Transcribe the whole listing exactly, but do not carry over its pictures.

§ **INFORMATION PROVIDED**:
-=-=-

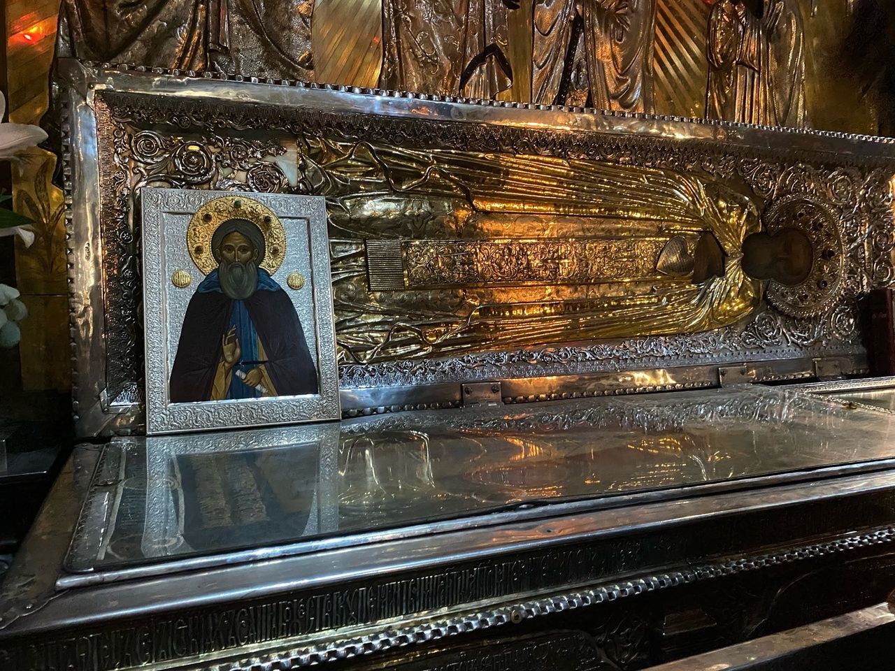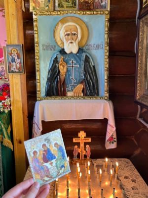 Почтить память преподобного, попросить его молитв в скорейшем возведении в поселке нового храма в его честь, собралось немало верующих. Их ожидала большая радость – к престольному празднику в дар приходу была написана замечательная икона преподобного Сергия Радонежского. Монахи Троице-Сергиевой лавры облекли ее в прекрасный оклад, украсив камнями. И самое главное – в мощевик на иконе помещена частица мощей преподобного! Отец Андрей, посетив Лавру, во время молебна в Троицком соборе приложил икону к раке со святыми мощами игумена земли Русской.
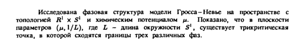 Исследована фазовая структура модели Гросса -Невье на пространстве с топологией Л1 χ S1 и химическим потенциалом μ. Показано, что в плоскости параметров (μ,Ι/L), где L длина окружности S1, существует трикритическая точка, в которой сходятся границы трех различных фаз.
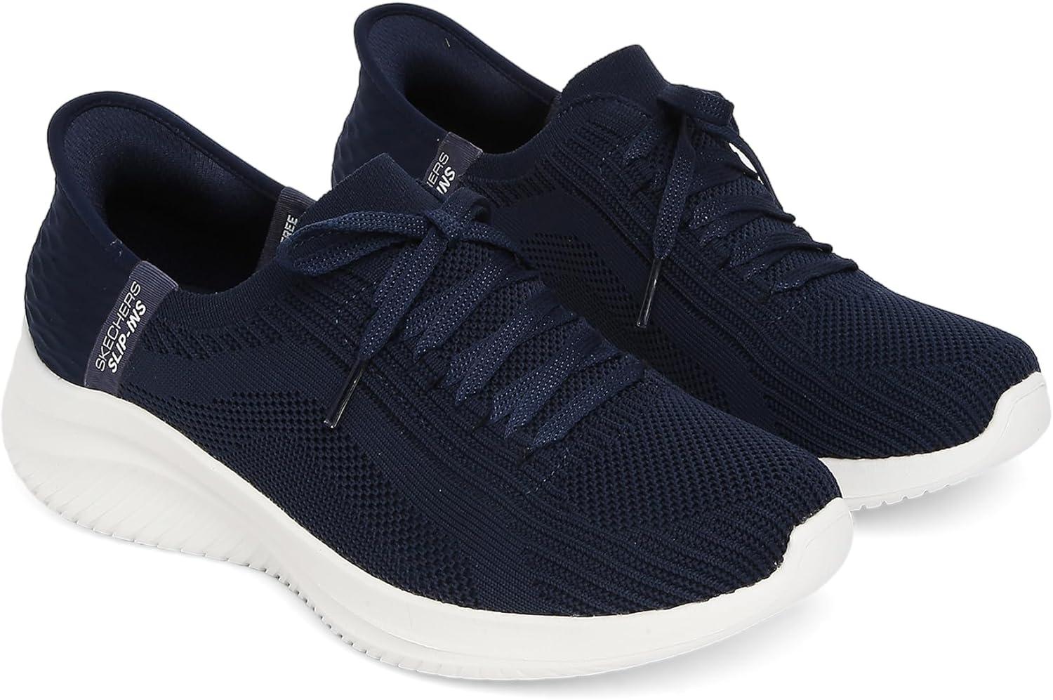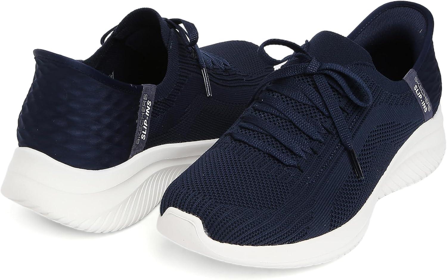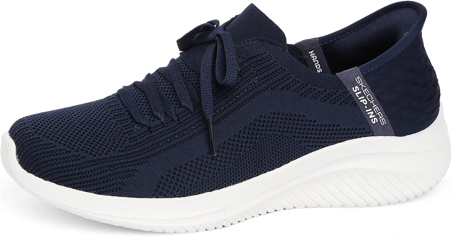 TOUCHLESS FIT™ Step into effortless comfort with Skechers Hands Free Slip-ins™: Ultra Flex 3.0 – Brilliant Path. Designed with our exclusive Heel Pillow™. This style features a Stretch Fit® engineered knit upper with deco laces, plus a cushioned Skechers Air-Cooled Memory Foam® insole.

-=-=-

§ **ANSWER AREA**:
 Почтить память преподобного, попросить его молитв в скорейшем возведении в поселке нового храма в его честь, собралось немало верующих. Их ожидала большая радость – к престольному празднику в дар приходу была написана замечательная икона преподобного Сергия Радонежского. Монахи Троице-Сергиевой лавры облекли ее в прекрасный оклад, украсив камнями. И самое главное – в мощевик на иконе помещена частица мощей преподобного! Отец Андрей, посетив Лавру, во время молебна в Троицком соборе приложил икону к раке со святыми мощами игумена земли Русской.
 Исследована фазовая структура модели Гросса -Невье на пространстве с топологией Л1 χ S1 и химическим потенциалом μ. Показано, что в плоскости параметров (μ,Ι/L), где L длина окружности S1, существует трикритическая точка, в которой сходятся границы трех различных фаз.
 TOUCHLESS FIT™ Step into effortless comfort with Skechers Hands Free Slip-ins™: Ultra Flex 3.0 – Brilliant Path. Designed with our exclusive Heel Pillow™. This style features a Stretch Fit® engineered knit upper with deco laces, plus a cushioned Skechers Air-Cooled Memory Foam® insole.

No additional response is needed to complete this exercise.